QUALCOMM INDIA, on behalf of Qualcomm Innovation Center, Inc. is a
member of the Code Aurora Forum, hosted by The Linux Foundation

2014-12-04 06:52:52

by Joonsoo Kim

[permalink] [raw]
Subject: Re: [PATCH v3 6/8] mm/page_owner: keep track of page owners

On Wed, Dec 03, 2014 at 06:54:08PM +0530, Chintan Pandya wrote:
> Hi Kim,

Hello, Chintan.

>
> This is really useful stuff that you are doing.

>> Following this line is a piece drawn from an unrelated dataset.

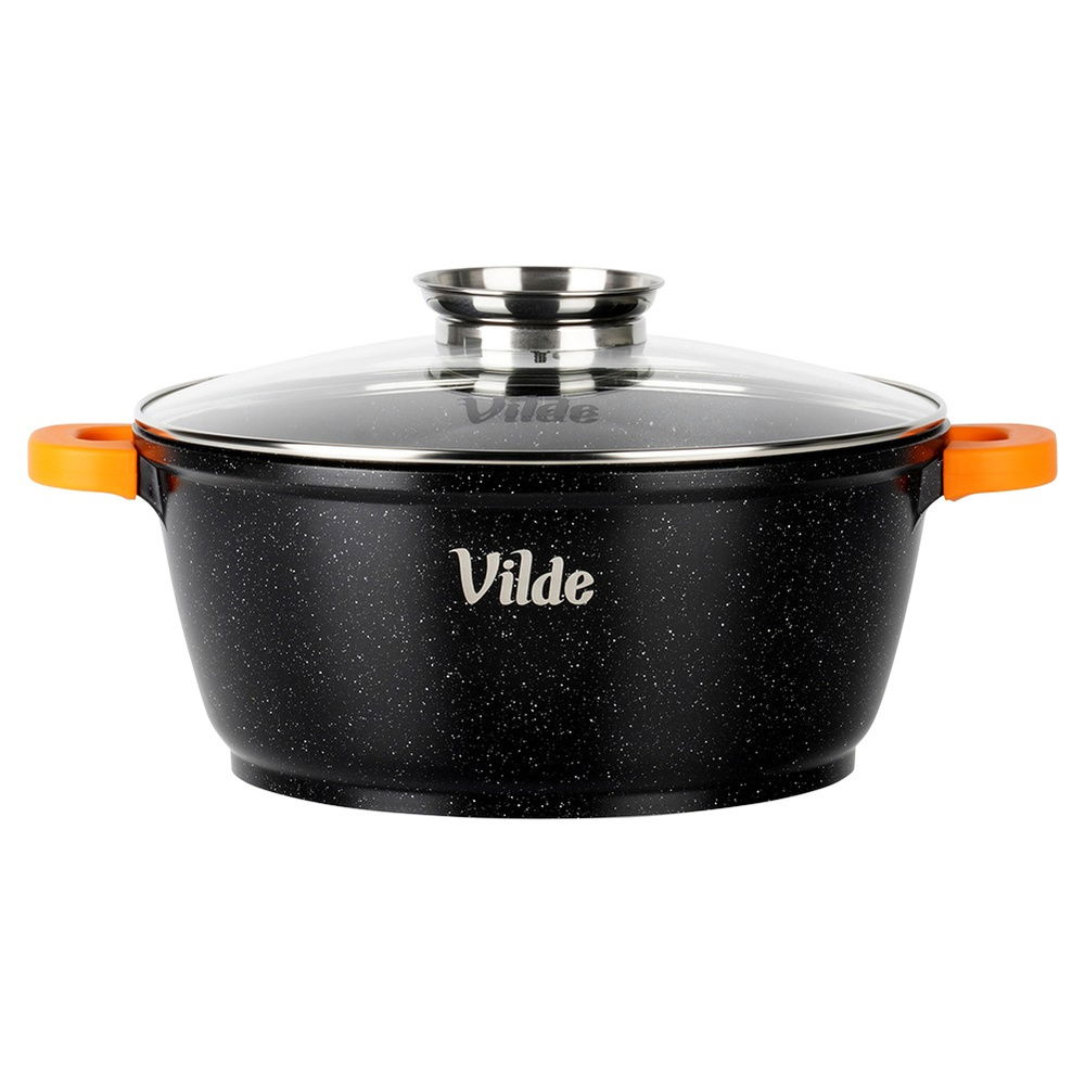 Granitowa powłoka i żaroodporna pokrywka - Garnek wykonany jest z odlewu aluminium z nieprzywierającą powłoką granitową, co umożliwi przygotowanie potraw na minimalnej ilości tłuszczu. Pokrywka jest żaroodporna, uchwyt w pokrywce wykonany jest ze stali nierdzewnej. W zestawie praktyczne uchwyty do garnka wykonane z silikonu w pomarańczowym kolorze.

And the runtime
> allocation for storing page owner stack is a good call.
>
> Along with that, we also use extended version of the original
> page_owner patch. The extension is, to store stack trace at the time
> of freeing the page. That will indeed eat up space like anything
> (just double of original page_owner) but it helps in debugging some
> crucial issues. Like, illegitimate free, finding leaked pages (if we

Sound really interesting. I hope to see it.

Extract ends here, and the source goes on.